In this paper, several sets of experiments were carried out to study the impact of word segmentation errors on automatic Chinese text classification. Comparison experiment of four word-based approaches was first carried out and the results show that the performance was significantly reduced when using automatic word segmentation instead of manual word segmentation which means errors caused by automatic word segmentation have an obvious impact on classification performance. We further conducted the experiment using character-based approach (N-gram). Although N-gram approach produces a large number of ambiguous words, the results show that it performed better than automatic word segmentation.

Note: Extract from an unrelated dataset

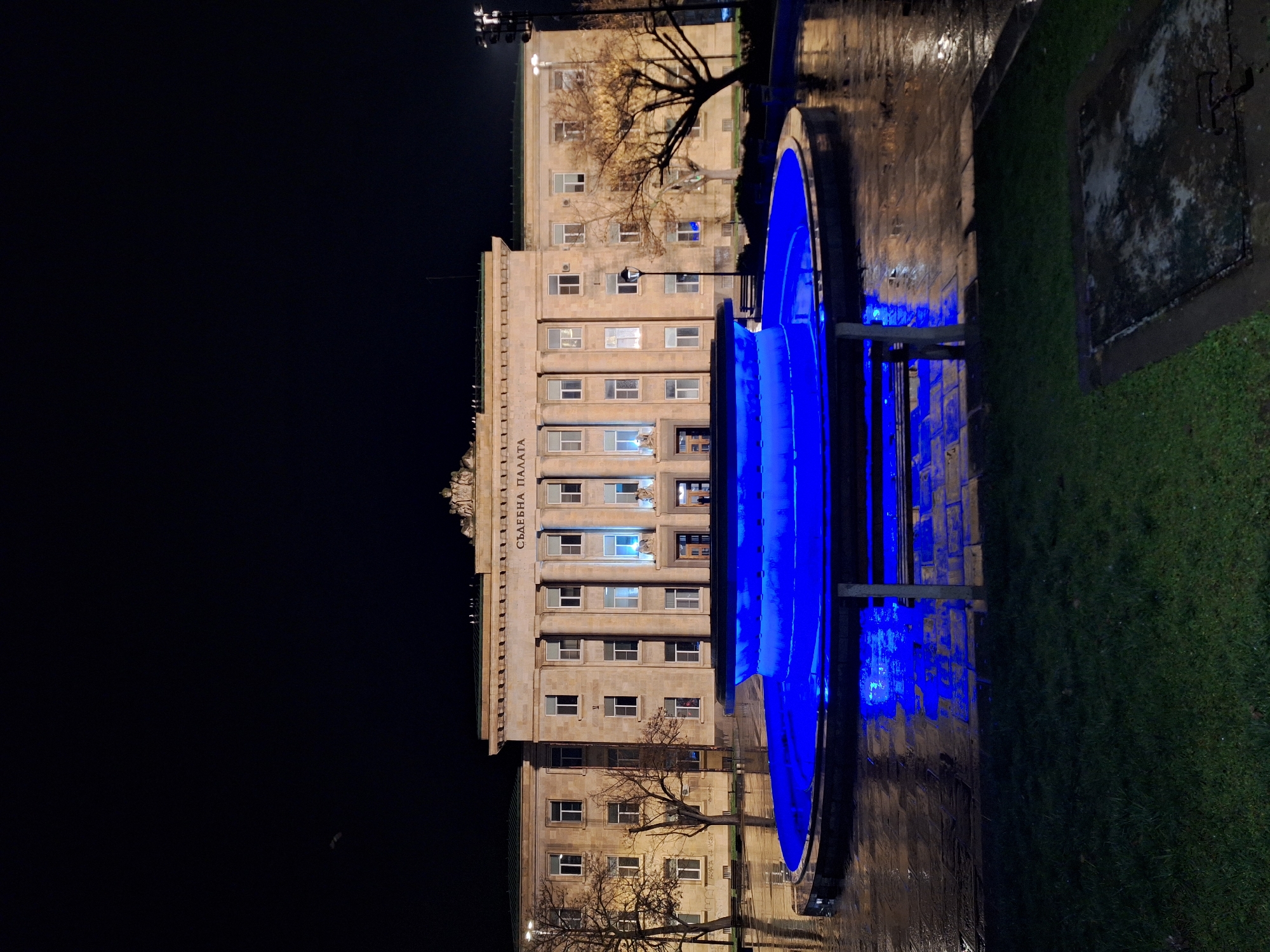 This nocturnal image presents the Courthouse (СЪДЕБНА ПАЛАТА) in Ruse, Bulgaria

机译：本文通过几组实验研究了分词错误对中文文本自动分类的影响。首先进行了四种基于单词的方法的比较实验，结果表明，使用自动分词而不是手动分词会显着降低性能，这意味着由自动分词引起的错误对分类性能有明显的影响。我们进一步使用基于字符的方法（N-gram）进行了实验。尽管N-gram方法会产生大量的歧义词，但结果表明它比自动分词要好。

著录项

来源
《Document Analysis Systems (DAS), 2012 10th IAPR International Workshop on》|2012年|p.271- 275|共5页
会议地点 Gold Coast(AU)
作者
Xi Luo;
展开▼
作者单位

Grad. Sch. of Eng., Mie Univ., Tsu, Japan;

展开▼
会议组织
原文格式 PDF
正文语种 eng
中图分类信息处理（信息加工）;
关键词

相似文献

外文文献
中文文献
专利

1. A Study on Improving Word-Segmentation Accuracy in Automatic Chinese Text Processing [J] . LI, Li 上海大学学报：英文版 . 2001,第0z1期

机译：中文自动文本处理中提高分词精度的研究
2. An automatic classification of text documents based on correlative association of words [J] . Agnihotri Deepak, Verma Kesari, Tripathi Priyanka Journal of Intelligent Information Systems . 2018,第3期

机译：基于单词相关联想的文本文档自动分类
3. Automatic Extraction Of New Words Based On Google News Corpora For Supporting Lexicon-based Chinese Word Segmentation Systems [J] . Chin-Ming Hong, Chih-Ming Chen, Chao-Yang Chiu Expert systems with applications . 2009,第2p2期

机译：基于Google新闻语料库的自动提取新词以支持基于词典的中文分词系统
4. Chinese Text Classification without Automatic Word Segmentation [C] . Wei Liu, Ben Allison, David Guthrie, International Conference on Advanced Language Processing and Web Information Technology . 2007

机译：中国文本分类没有自动词分割
5. Defining and automatically identifying words in Chinese. [D] . Xue, Nianwen. 2002

机译：定义并自动识别中文单词。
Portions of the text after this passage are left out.